Eyeglasses further enabled humans to take part in and make a contribution of their gathered experiences to the collective skills-base even in the latter a part of their lives, when age-deduced vision loss occurs.

The lens was again utilized in the subsequent inventions like the microscope and the telescope in the early 1600s.
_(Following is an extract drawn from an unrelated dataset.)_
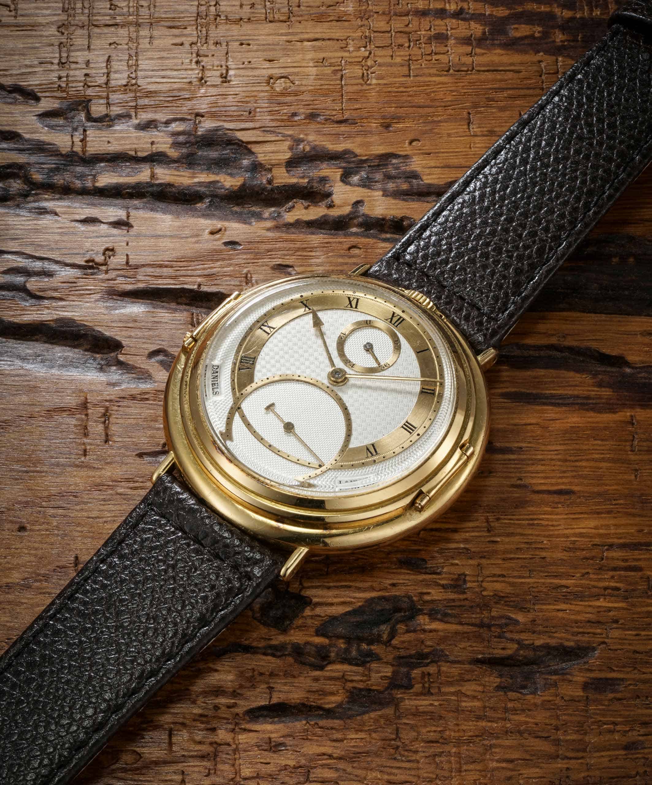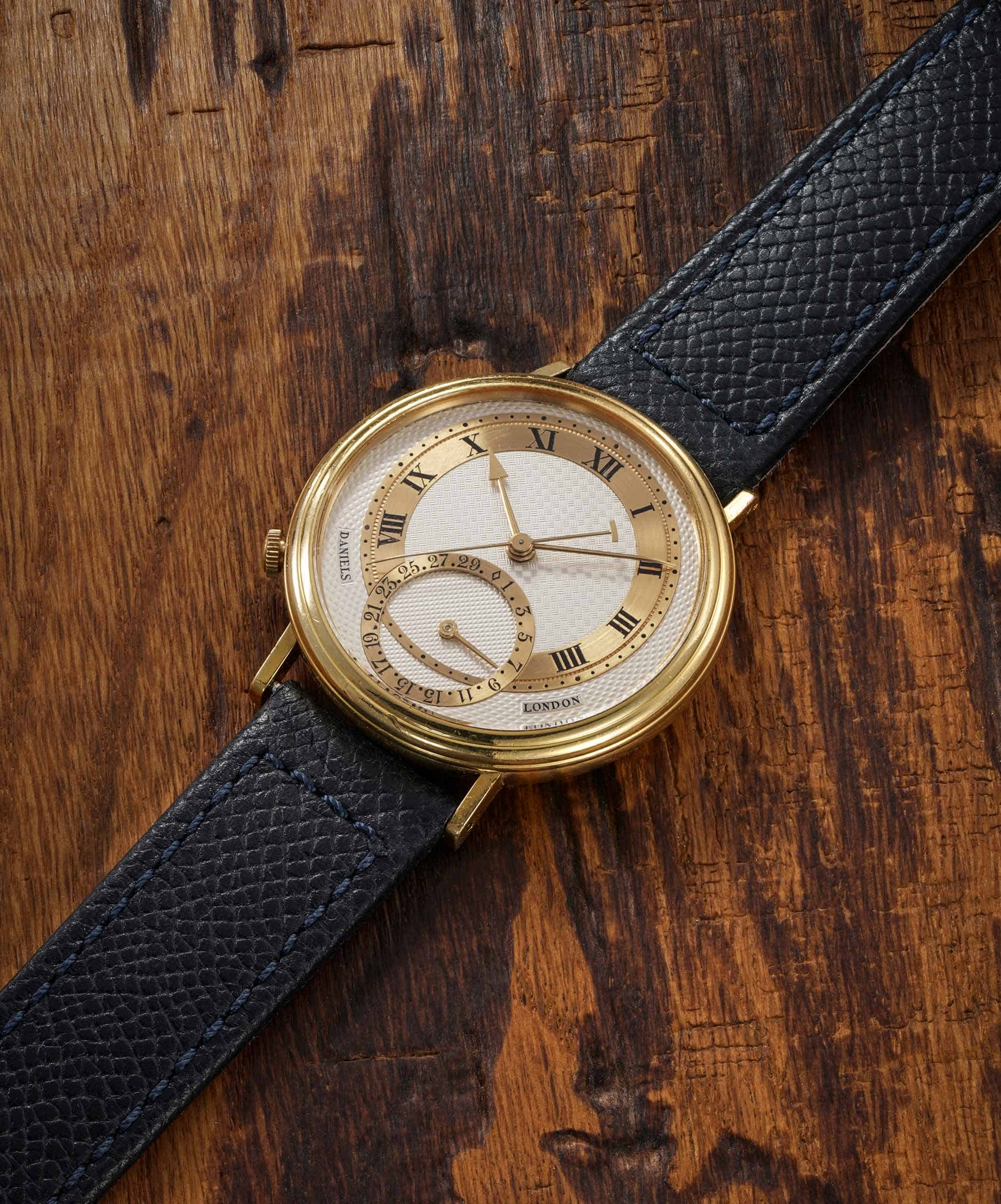 He left school at age 14 and found a job in a mattress factory while repairing watches in his spare hours, often going from door to door to offer his services. During his army service in Suez in 1945, he continued repairing watches for fellow soldiers, earning so much that he scarcely needed his army pay for two years. Once demobilized, with just £50 to his name, Daniels set up a business. He went on to create a series of increasingly ingenious mechanical watches deeply inspired by the work of Breguet. He taught himself how to craft every single component by hand — later known as the Daniels Method. Later, he attended City University in London to study horology formally. What began as a childhood fascination had become his profession.

These inventions have enabled humans ability to see at the micro level and extraterrestrial objects with clarity which was not feasible with the bare eye.
These inventions also helped spur numerous biological and geographical discoveries, both on earth and extraterrestrial, additional growing the scientific knowledge.

The invention of frequencies outside the visual spectrum for the period of the late 1800s, for illustration, led to the wave of radiological innovations, such as ultrasounds and X-Rays, that leveraged virtually the whole electromagnetic spectrum to see via animate and inanimate objects.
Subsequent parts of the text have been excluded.